Compact Routing Messages in Self-Healing Trees

TL;DR

This paper introduces the first self-healing compact routing schemes that maintain efficient routing and resilience in dynamic networks with node failures, using minimal memory and quick recovery times.

Contribution

It presents two novel algorithms, CompactFT and CompactFTZ, enabling self-healing and compact routing with low memory and fast recovery in adversarial failure models.

Findings

CompactFT recovers from node deletions in O(1) time with minimal message overhead.

CompactFTZ guarantees message delivery despite node failures, with bounded latency.
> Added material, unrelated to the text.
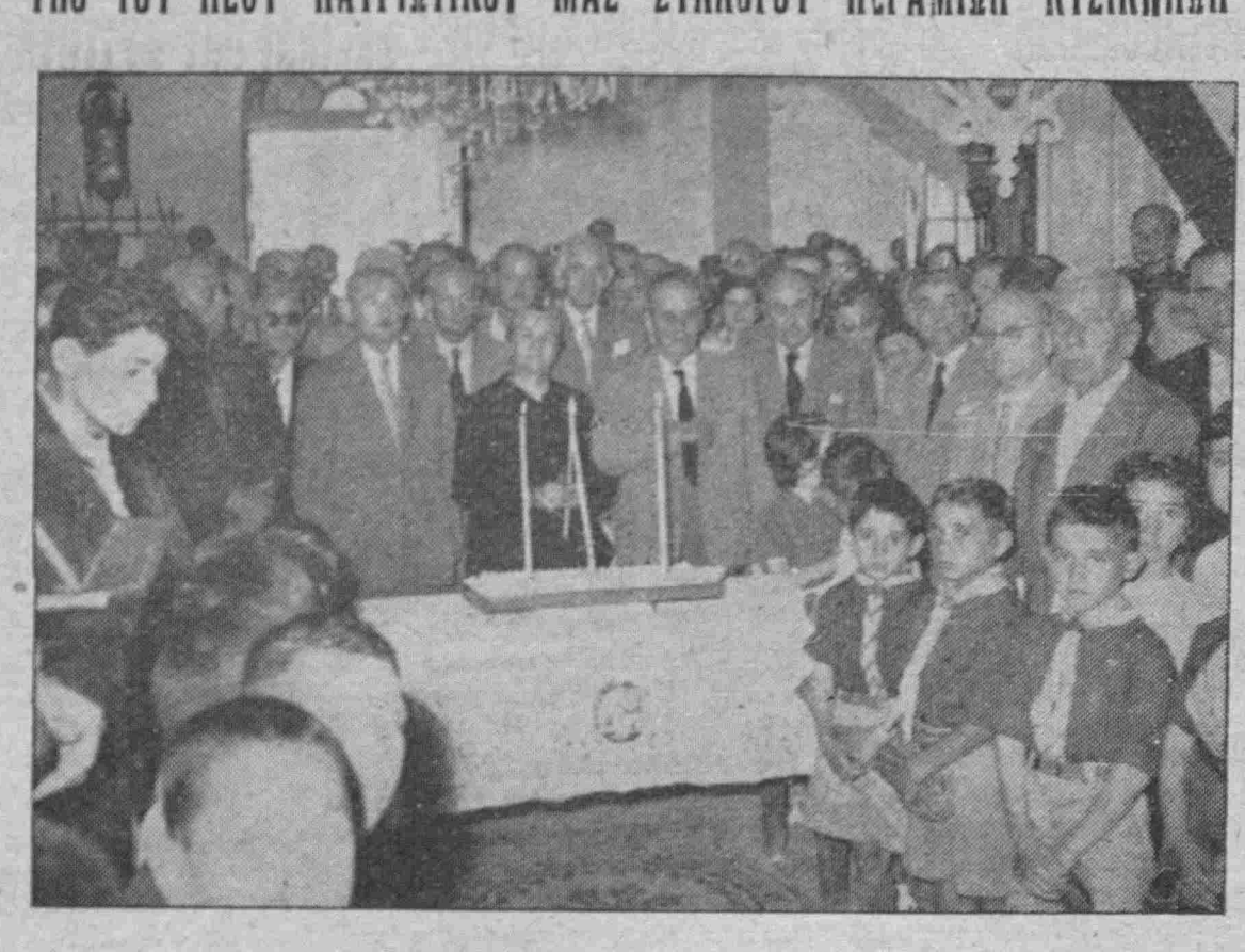
Ἀπὸ τὸ μνημόσυνον ποὺ ἐτέλεσεν ὁ Σύλλογος Περαιῶν Κυζικηνῶν τὸν παρελθόντα Μάιον εἰς Νέαν Πέραμον Μεγαρίδος εἰς ἀνάμνησιν τῆς γενετήρας Περάμου τῆς Κυζίκου. Εἰς τὴν φωτογραφίαν τὸ Δ. Συμβούλιον τοῦ Συλλόγου, οἱ κοινοτάρχαι καὶ λοιποὶ προσκεκλημένοι μέσα εἰς τὸν Ναὸν τοῦ Ἁγίου Γεωργίου, ὅπου ἔχει μεταφερθῆ τὸ παλαιὸν εἰκόνισμα τοῦ Ἁγίου ἀπὸ τὴν φερώνυμον παλαιὰν ἐκκλησίαν τοῦ Ἁγ. Γεωργίου Κάστρου.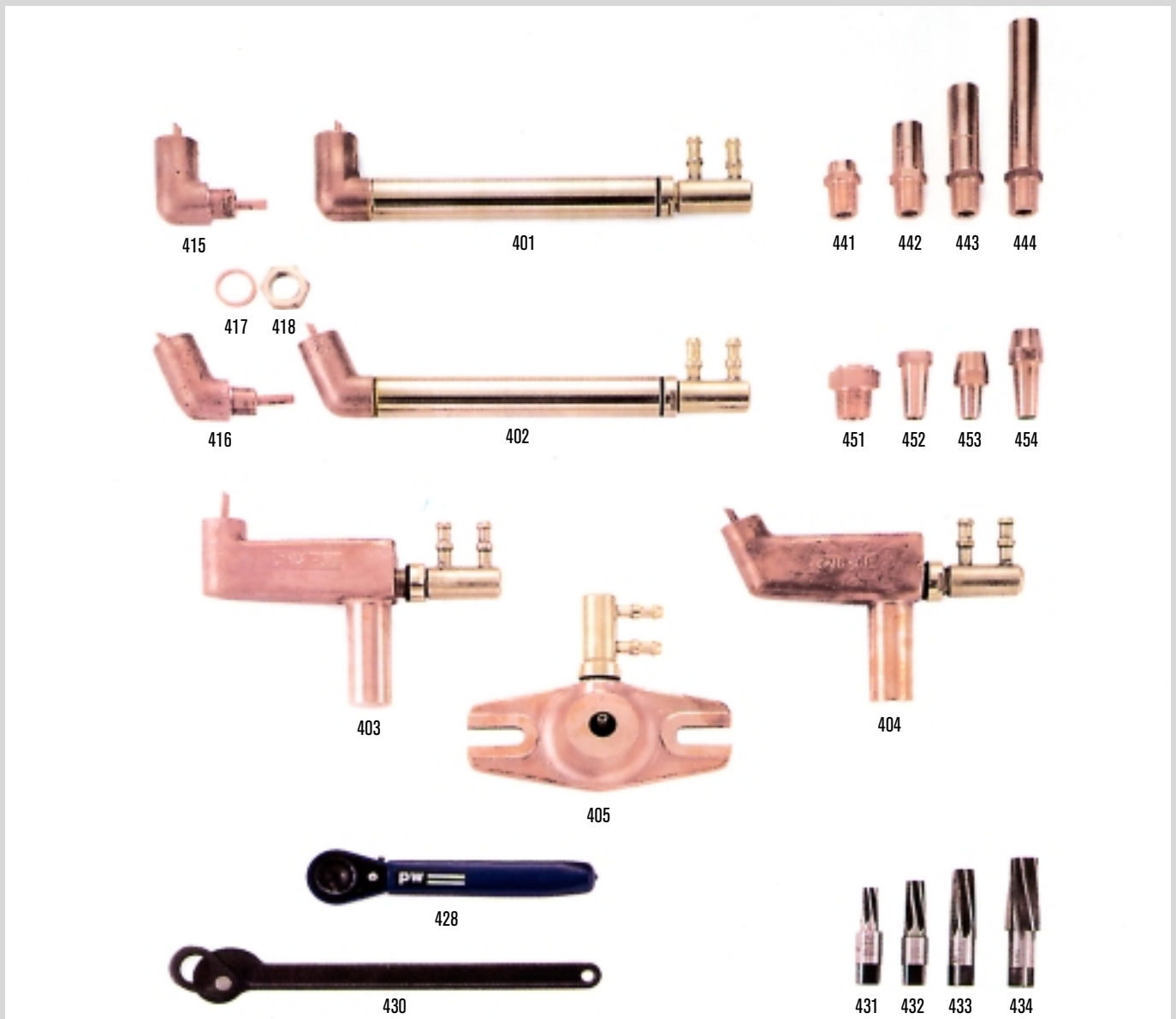
Bild-Nummer Elektrodenhalter und Zubehör

Both schemes operate with low memory, O(log^2 n) and O(log n) respectively.

Abstract

Existing compact routing schemes, e.g., Thorup and Zwick [SPAA 2001] and Chechik [PODC 2013], often have no means to tolerate failures, once the system has been setup and started. This paper presents, to our knowledge, the first self-healing compact routing scheme. Besides, our schemes are developed for low memory nodes, i.e., nodes need only $O(\log^2 n)$ memory, and are thus, compact schemes. We introduce two algorithms of independent interest: The first is CompactFT, a novel compact version (using only $O(\log n)$ local memory) of the self-healing algorithm Forgiving Tree of Hayes et al. [PODC 2008]. The second algorithm (CompactFTZ) combines CompactFT with Thorup-Zwick's tree-based compact routing scheme [SPAA 2001] to produce a fully compact self-healing routing scheme. In the self-healing model, the adversary deletes nodes one at a time with the affected nodes self-healing locally by adding few edges. CompactFT recovers from each attack in only $O(1)$ time and $\Delta$ messages, with only +3 degree increase and $O(log \Delta)$ graph diameter increase, over any sequence of deletions ($\Delta$ is the initial maximum degree). Additionally, CompactFTZ guarantees delivery of a packet sent from sender s as long as the receiver t has not been deleted, with only an additional $O(y \log \Delta)$ latency, where $y$ is the number of nodes that have been deleted on the path between $s$ and $t$. If $t$ has been deleted, $s$ gets informed and the packet removed from the network.